# PROBLEM:
This exercise calls for the line with "5. Push the", the line with "Så langt har", and all lines between them in the material below, output exactly and with no other lines.
-------- EXTRACTED DATA --------
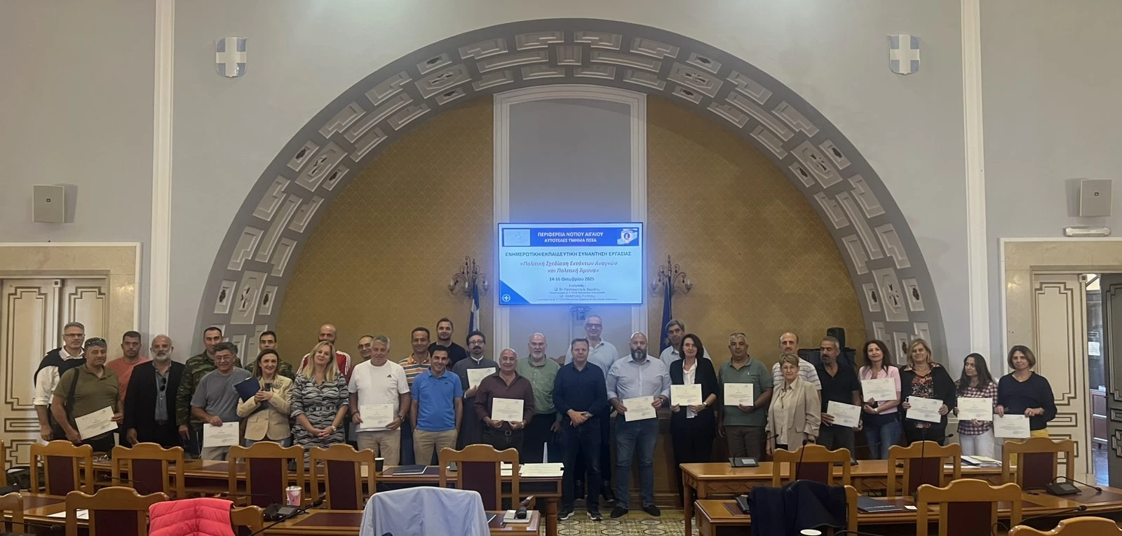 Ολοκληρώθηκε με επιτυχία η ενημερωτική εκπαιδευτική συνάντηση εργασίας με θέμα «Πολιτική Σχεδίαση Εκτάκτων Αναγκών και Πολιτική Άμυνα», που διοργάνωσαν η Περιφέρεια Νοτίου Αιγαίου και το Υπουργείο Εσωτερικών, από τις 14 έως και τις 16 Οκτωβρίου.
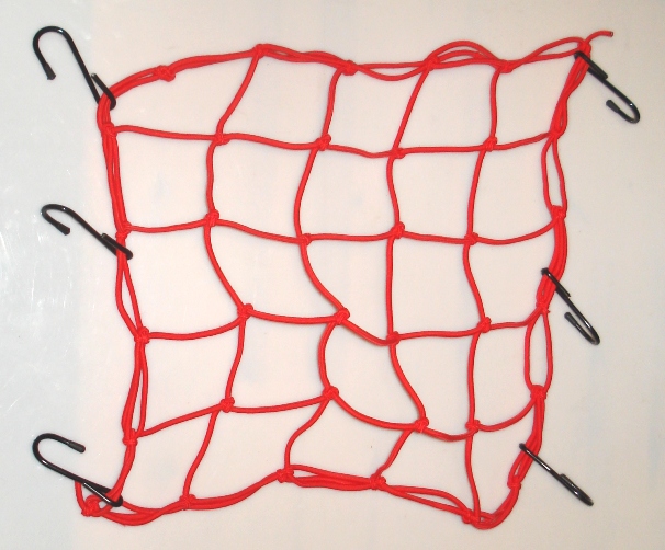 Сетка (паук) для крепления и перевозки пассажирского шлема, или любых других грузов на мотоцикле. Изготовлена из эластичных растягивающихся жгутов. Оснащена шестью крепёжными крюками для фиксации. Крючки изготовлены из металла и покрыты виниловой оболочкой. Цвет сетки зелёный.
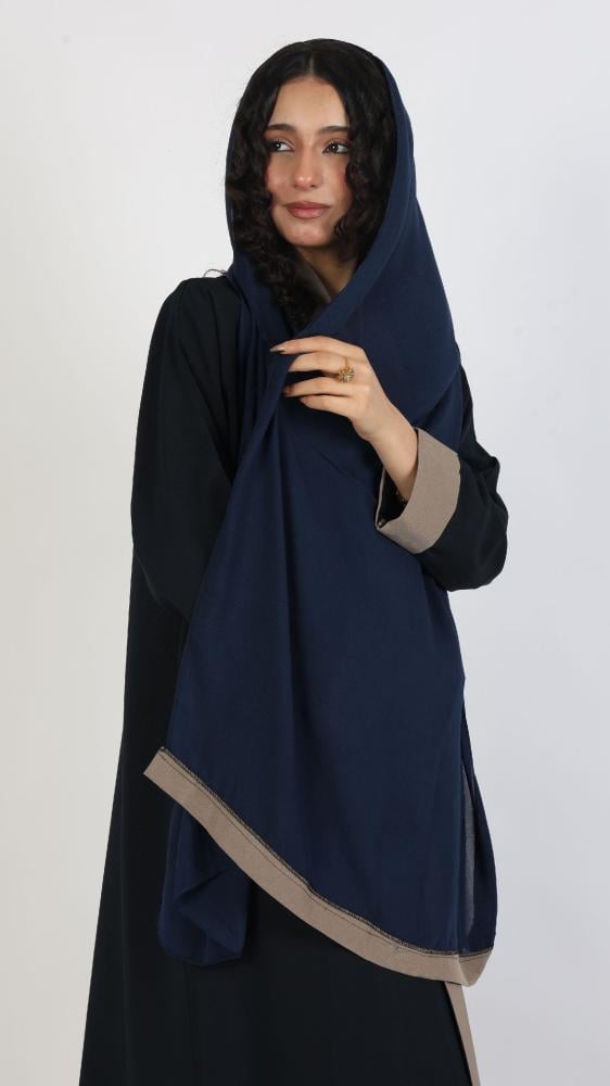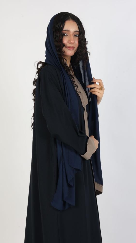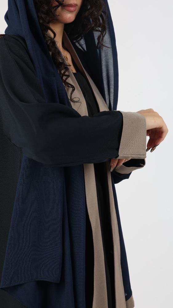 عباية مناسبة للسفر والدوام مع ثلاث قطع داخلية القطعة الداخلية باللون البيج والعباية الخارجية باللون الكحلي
--------
-------- EXTRACTED DATA --------
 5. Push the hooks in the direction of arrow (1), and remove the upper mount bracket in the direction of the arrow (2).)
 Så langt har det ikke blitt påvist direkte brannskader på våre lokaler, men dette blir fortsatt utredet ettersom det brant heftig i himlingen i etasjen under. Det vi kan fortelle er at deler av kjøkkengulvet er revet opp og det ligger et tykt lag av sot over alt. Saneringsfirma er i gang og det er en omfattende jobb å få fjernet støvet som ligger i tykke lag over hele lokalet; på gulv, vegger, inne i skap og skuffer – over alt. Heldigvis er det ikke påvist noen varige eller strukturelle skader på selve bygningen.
--------
-------- EXTRACTED DATA --------
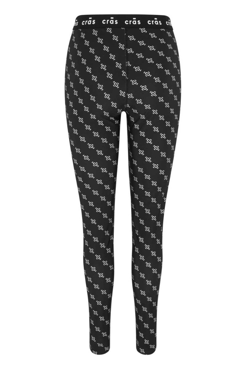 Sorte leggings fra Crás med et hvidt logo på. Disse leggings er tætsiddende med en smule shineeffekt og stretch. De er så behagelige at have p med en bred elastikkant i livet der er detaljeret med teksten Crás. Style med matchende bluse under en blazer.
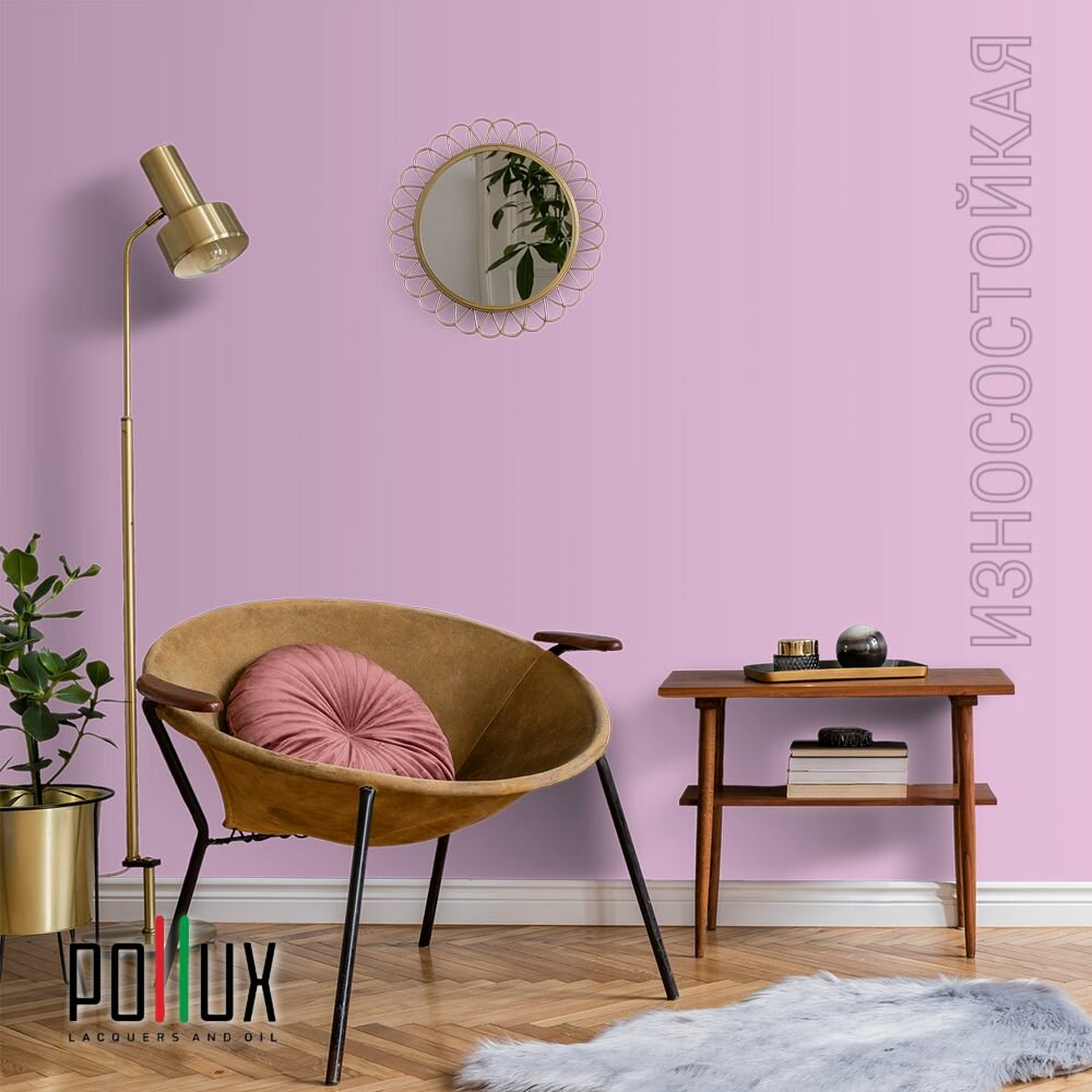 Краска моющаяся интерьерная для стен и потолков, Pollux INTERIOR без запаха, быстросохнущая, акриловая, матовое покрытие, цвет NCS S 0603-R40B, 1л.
--------
# SOLUTION:
 5. Push the hooks in the direction of arrow (1), and remove the upper mount bracket in the direction of the arrow (2).)
 Så langt har det ikke blitt påvist direkte brannskader på våre lokaler, men dette blir fortsatt utredet ettersom det brant heftig i himlingen i etasjen under. Det vi kan fortelle er at deler av kjøkkengulvet er revet opp og det ligger et tykt lag av sot over alt. Saneringsfirma er i gang og det er en omfattende jobb å få fjernet støvet som ligger i tykke lag over hele lokalet; på gulv, vegger, inne i skap og skuffer – over alt. Heldigvis er det ikke påvist noen varige eller strukturelle skader på selve bygningen.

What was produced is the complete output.